Паня говорила очень медленно, и слова у нее были как чугунные.

Тут заговорила тетя Варя вкрадчиво и в то же время язвительно:

— Ах, вы не любите лодырей? Подавай вам борцов и работников? А лодырей по боку, в крапиву, в канаву? Пусть себе гниют под забором? Вы думаете, лодыри падают с неба? Так сразу рождаются лодырями? Нет, милые, их создаете вы сами, их создает коллектив. Если коллектив у вас здоровый и крепкий, вы самого дрянного превратите в хорошего, а если коллектив у вас дрянь, вы любого сделаете дрянью. Самого лучшего. Да. Так в чем же дело? Или вы не надеетесь на свой коллектив? Или он, по-вашему, такой шаткий и слабый, что всякий бузотёр может уничтожить его?.. Если так, то о чем говорить?

— Нет! Нет! Нет!

— Конечно, если вы не верите в свой коллектив…

— Верим! Верим!

— А если верите, то чего же бояться?.. Никакие Бубы, никакие Ильки не опасны для вас, если вы все, как один человек, будете дружно работать, чтобы подготовить достойную смену, которая…

— Будем! Будем!

— А если будете, — и тетя Варя широко улыбнулась, — и Буба, и Илько… вот вы сами увидите… станут не хуже, а может быть лучше нас всех… дельными, боевыми работниками… Только поднимите у себя дисциплину, только укрепите свою коллективную спайку.

Долго говорила тетя Варя, и в конце концов Бубу решили оставить.

Но Соломон не сдавался по-прежнему:

— Ой, вымотает он у нас кишки, этот Буба!

7. Солнечная

Но Буба как будто притих. Целую неделю ни звериного рычания, ни рявканья не доносилось из дверей изолятора.
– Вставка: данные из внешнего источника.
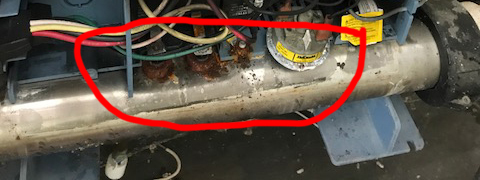 Problem (3): Heater with Bulk-Heads and 304 Stainless Steel Manfiold Typical failures occur on this style of heater with bulk-heads where the bulk-heads are braised or welded or crimped and epoxied and the heater manifold is made out of 304 stainless steel.

На Солнечной наступили спокойные дни.

Никогда не думал Сережа, что ему будет так хорошо в санатории. На ее воротах висела очень печальная вывеска: «Санатория для костно-туберкулезных детей».

Стало быть, в ней лечились такие ребята, у которых болели кости. У кого — колено, у кого — бедро, у кого — позвонки. А эти болезни тяжелые, и болеть ими очень невесело.
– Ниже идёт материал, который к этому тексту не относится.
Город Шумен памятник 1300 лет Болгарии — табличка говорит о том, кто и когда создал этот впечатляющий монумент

Всякое неловкое движение может повредить больным костям. Поэтому тот, у кого, например, больная спина, принужден неподвижно лежать на спине, а тому, у кого больное колено, не разрешается двигать ногой. Чтобы как-нибудь нечаянно эти больные части не сдвинулись с места, на них накладывается повязка из гипса, и таким образом больная нога или больная спина, или больное бедро помещается как бы в коробку, и такая твердая эта коробка, что ее нельзя ни сломать, ни согнуть. Этой коробки не снимают по нескольку месяцев, а бывает и так, что снимут одну и сейчас же наденут другую. Дети лежат в постели три-четыре года не вставая. А так как справится с туберкулезом костей можно под лучами солнца, на воздухе, то все эти больные ребята живут под открытым небом, и их уносят под крышу только во время дождя да зимою во время мороза. Санаторию нарочно построили на берегу южного моря, чтобы больные лето и зиму дышали самым чистым, самым теплым, самым целительным воздухом. И так как они лежат здесь почти всегда нагишом, тела у них становятся обветренными, загорелыми, крепкими, и у них понемногу накопляются силы, чтобы победить в себе свою болезнь.

Если они лежат одиноко, на квартире у своих родителей, они, конечно, очень страдают: им скучно и обидно лежать день и ночь без движения и видеть, как здоровые дети тут же, рядом, балуются, бегают, кувыркаются, прыгают.

И все смотрят на них, как на мучеников, все говорят им: «ах, бедные», и от этого им еще тяжелее.

Отец Сережи был известный грузинский актер, мать работала в музее Революции в Москве, и оба они очень любили Сережу, но всё же он измучился за зиму, лежа у них на московской квартире. Они смотрели на него со слезами, ахали и охали над ним и, глядя на них, он думал, что он самое несчастное существо на всем свете. Прошлое лето он прожил с ними на даче в Каджорах — пролежал на носилках под тенистой акацией, завидуя даже воронам, пролетавшим над ним.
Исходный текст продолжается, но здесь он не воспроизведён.